THE MOST IMPORTANT LIFTS IN FOOTBALL ARE AS FOLLOWS:
Power Cleans
Jerk Press
Squats
Bench Presses
Dead Lifts
Those should ALWAYS be incorporated into your training program.
Now Football training is also a Power/explosive type of training.
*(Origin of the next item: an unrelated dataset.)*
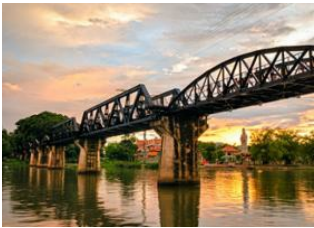
Amphawa 📍 🚗 100km - ⌚ 2h Kanchanaburi 📍

Meaning you are going to use compound movements recruiting multiple muscle groups.
This is my offseason training program
(and some may say over training, BUT I gain muscle, size and strength doing this with no problems of soreness, aching joints, or tendon/ligament pains........that is all due to warming up properly and strengthening the little muscles ex: rotator cuffs.......)
DAY 1: Chest and Legs
Flat Bench: 5 sets of 8, 8, 6, 5, 5
Push ups inbetween every 3 sets.
Incline bench: 4 Sets of 8, 6, 5, 5
Flies: 3 sets of 10
Squats: 5 sets of 8, 8, 6, 5, 5
SLDL: 5 sets of 8, 8, 6, 5, 5
Leg extensions: 2 sets of 10
Leg Curls: 2 sets of 10
Step ups: 2 sets of 15
Calves: 4 sets to failure (any exercise just switch up)
DAY 2: Shoulders and Back
Clean-front squat-Jerk press: 5 sets of 8, 6, 6, 5, 5
DB Press: 4 sets of 8, 6, 5, 5
Side Laterals: 2 sets of 10
Power Pulls: 3 sets 10
T-Bar Rows: 5 sets of 8, 8, 5, 5
Wide Grip row: 4 sets of 8, 6, 5, 5
Lat Pulldown: 3 sets of 10, 10, 6
Dead Lifts: 3 sets 10
Abs: Rope crunches to failure 3 sets
Oblique Weight raise 3 sets to failure.
1000 ab reps 5 different exercises.
DAY 3: OFF
DAY 4: Do day 1 split
Box Jumps instead of step ups.
DAY 5: Do day 2 split
Add pull ups 4 sets failure.
instead of lat pulldowns
I also do speed training after my leg days. I will do running form for 15 minutes which also is a stretching period as well. Then I will do sled runs, parachute sprints, 150's and agility training.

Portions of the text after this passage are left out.